#### [Exercise description]
What you return should be the lines from the one with "Add some sparkle" through the one with "This Eyelet White" in the data below, reproduced exactly with both ends, and no pictures at all.

===== Entries supplied =====

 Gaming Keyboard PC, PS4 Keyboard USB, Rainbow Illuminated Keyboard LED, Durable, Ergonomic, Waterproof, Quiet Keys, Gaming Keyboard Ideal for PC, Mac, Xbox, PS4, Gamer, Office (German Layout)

=====
===== Entries supplied =====

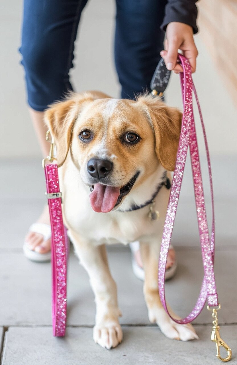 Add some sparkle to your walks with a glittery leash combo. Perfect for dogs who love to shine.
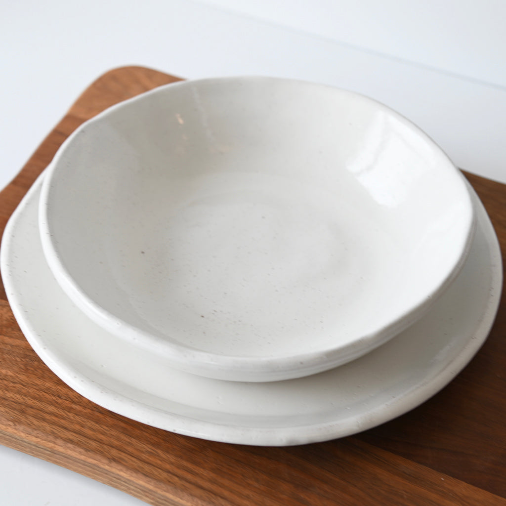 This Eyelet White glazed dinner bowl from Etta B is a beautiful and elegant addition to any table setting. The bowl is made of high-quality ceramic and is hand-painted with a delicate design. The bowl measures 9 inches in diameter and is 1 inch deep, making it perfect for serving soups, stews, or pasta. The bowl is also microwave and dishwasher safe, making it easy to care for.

=====
===== Entries supplied =====

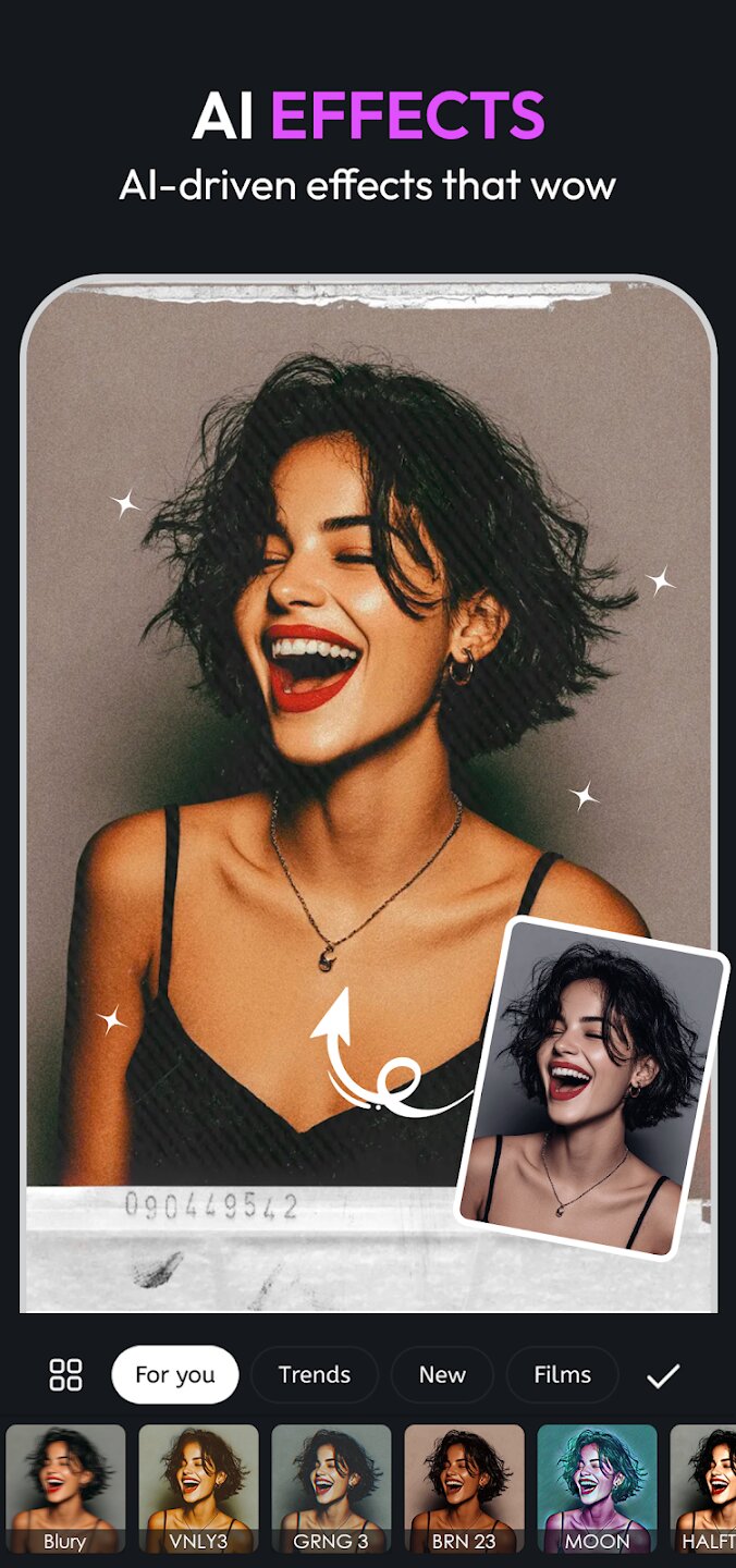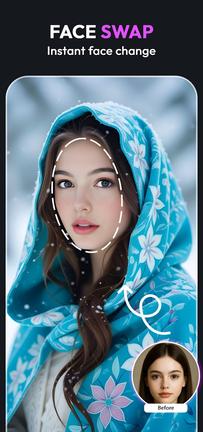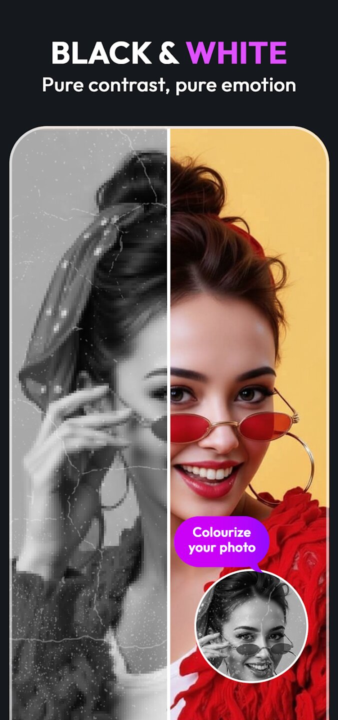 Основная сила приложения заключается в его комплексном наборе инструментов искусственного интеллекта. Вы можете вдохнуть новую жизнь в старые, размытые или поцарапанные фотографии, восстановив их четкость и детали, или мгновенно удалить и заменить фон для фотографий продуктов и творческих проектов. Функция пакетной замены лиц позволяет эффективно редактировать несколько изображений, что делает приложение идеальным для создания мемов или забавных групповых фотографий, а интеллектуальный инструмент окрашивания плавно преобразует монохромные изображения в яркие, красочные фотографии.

=====

#### [Solution for this problem]
 Add some sparkle to your walks with a glittery leash combo. Perfect for dogs who love to shine.
 This Eyelet White glazed dinner bowl from Etta B is a beautiful and elegant addition to any table setting. The bowl is made of high-quality ceramic and is hand-painted with a delicate design. The bowl measures 9 inches in diameter and is 1 inch deep, making it perfect for serving soups, stews, or pasta. The bowl is also microwave and dishwasher safe, making it easy to care for.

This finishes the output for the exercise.